▶ [Required work]:
Set down all of the data exactly. Pictures stay out of the copy.

▶ [Dataset section]:
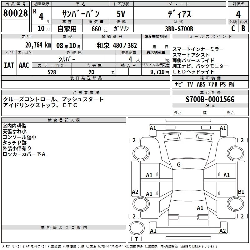 Subaru SAMBAR с аукциона Японии TAA Hyogo лот № 80028
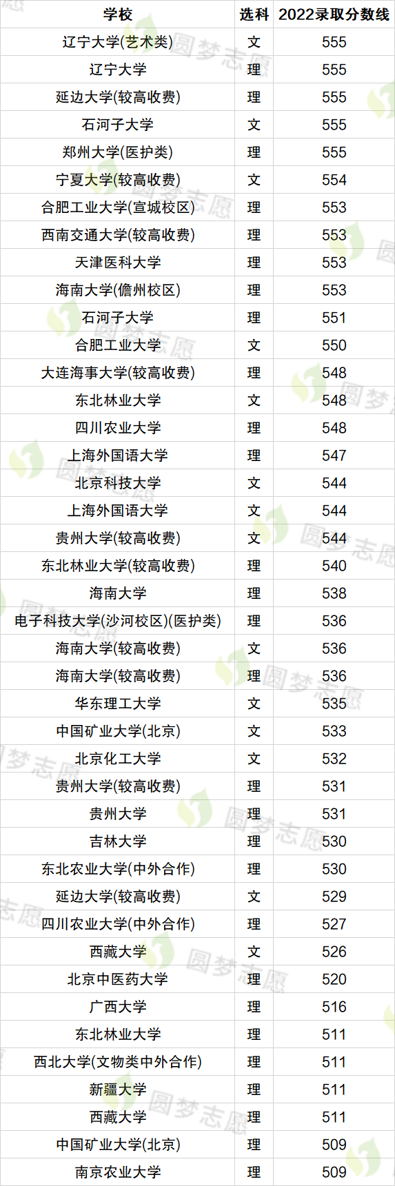 再比如云南省,2022年理科550分可以上211大学,而文科550分就没有办法上211大,因为2022年云南文科分数最低的211大学是西藏大学579分。
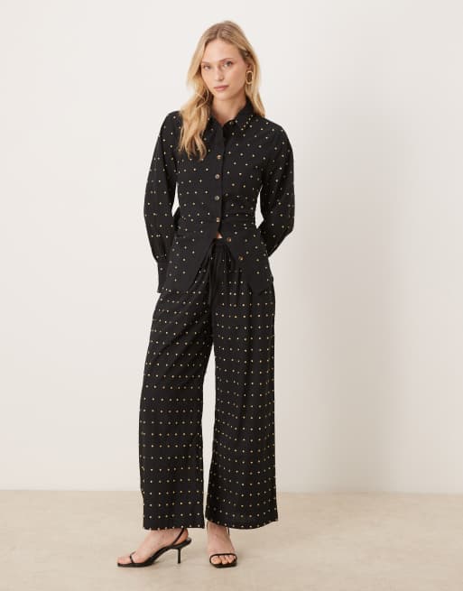Never Fully Dressed Petite – Svarta, vida byxor i bomull med strass
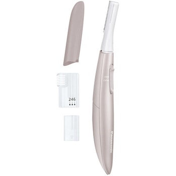 丸い刃先で肌にやさしい、約0.12mmのうす刃。水なしですっきり剃れる。肌の凸凹に合わせて動く、密着スイングヘッド。マユのお手入れができる。マユカバーとマユコーム付き。

▶ [Answer]:
 Subaru SAMBAR с аукциона Японии TAA Hyogo лот № 80028
 再比如云南省,2022年理科550分可以上211大学,而文科550分就没有办法上211大,因为2022年云南文科分数最低的211大学是西藏大学579分。
Never Fully Dressed Petite – Svarta, vida byxor i bomull med strass
 丸い刃先で肌にやさしい、約0.12mmのうす刃。水なしですっきり剃れる。肌の凸凹に合わせて動く、密着スイングヘッド。マユのお手入れができる。マユカバーとマユコーム付き。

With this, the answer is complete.